Thanks for pointing that out! However, those instructions say you need to start with a base Debian OS image? Is that really a requirement? Our images have a redhat base. Having to change the base image would kind of defeat the purpose of specialized environment containers that we have for our various systems. However, extending our containers (with additional container layers) with additional packages and tweaks is perfectly fine and would be expected, but changing out the guts is problematic.

What is special about a Debian base? Instead, could there be a required API that that sandbox container has to accept commands? Does the OpenHands container use docker exec to run commands in the sandbox container? If not, how is it controlling the sandbox container? It would be great to provide additional flexibility in this sandbox container.

Please let me know what you would advise:

  1. try using our redhat base image container as the sandbox container

  2. bringing in our redhat base container as an MCP tool

Seems option-1 would be a lot simpler?

bartlettroscoe avatar Jun 16 '25 18:06 bartlettroscoe

Ah, yes, since it says it must be Debian based then I assume it must be Debian based. My assumption would be that some of the things it does requires, or at least presupposes, packages from Debian, which uses a different package manager than Red Hat. Perhaps that could be changed but it'd involve forking that code to use alternative packages, which would likely involve trial and error at the least.
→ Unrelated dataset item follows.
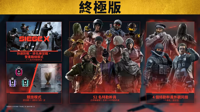 取得《虹彩六號:圍攻行動 X》終極版,即可遊玩所有遊戲模式,並可立即解鎖額外 52 名特勤幹員!

Yes, the required API is essentially injected into the sandbox container by OpenHands. I believe OpenHands uses a client-server architecture to communicate with the runtime (sandbox) container through a RESTful API, similarly to how MCP using SSE works, with an HTTP server running inside of the container and the OpenHands code connecting to it as a client.
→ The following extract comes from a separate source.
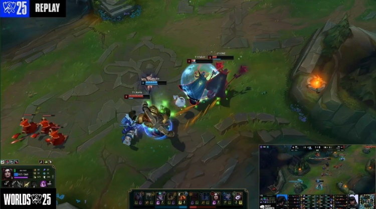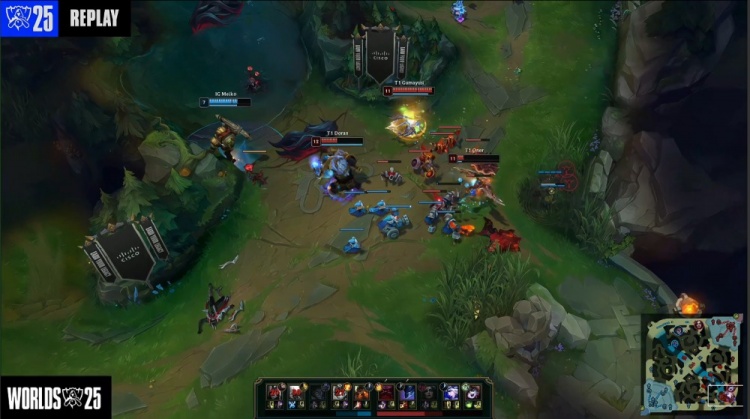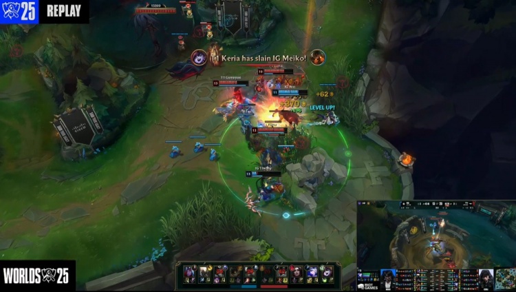 【25:31】T1中路推进,Meiko泰坦闪现钩打出Keria璐璐闪现,大龙团,Rookie塞拉斯拿到羊,正面多兰奥恩关灯羊配合Faker妖姬进场收割,T1打出0换4,一波推平iG基地拿到比赛胜利,晋级瑞士轮正赛,iG勇夺17强。

Option 1 would indeed likely be simpler if that worked for you, but it seems like it doesn't, and in any case it'd still involve custom prompts to explain to the agent that the available tools exist.

Option 2 is a solid option that shouldn't take all that long to get to a proof of concept that can be iterated on and it has the additional benefits of (1) being able to provide a consistent interface that'd be usable with other preexisting containers in the future and (2) avoiding lock-in to OpenHands, since MCP is a simple, open standard that's gaining traction, whereas the custom sandbox is more bespoke to OpenHands.

At this point, with the information so far, I'd suggest going the MCP route which seems like it'll surely be workable for your use case without any significant gotchas hiding anywhere (like the package manager issue above).

matty-fortune avatar Jun 16 '25 19:06 matty-fortune

Ah, yes, since it says it must be Debian based then I assume it must be Debian based. My assumption would be that some of the things it does requires, or at least presupposes, packages from Debian, which uses a different package manager than Red Hat.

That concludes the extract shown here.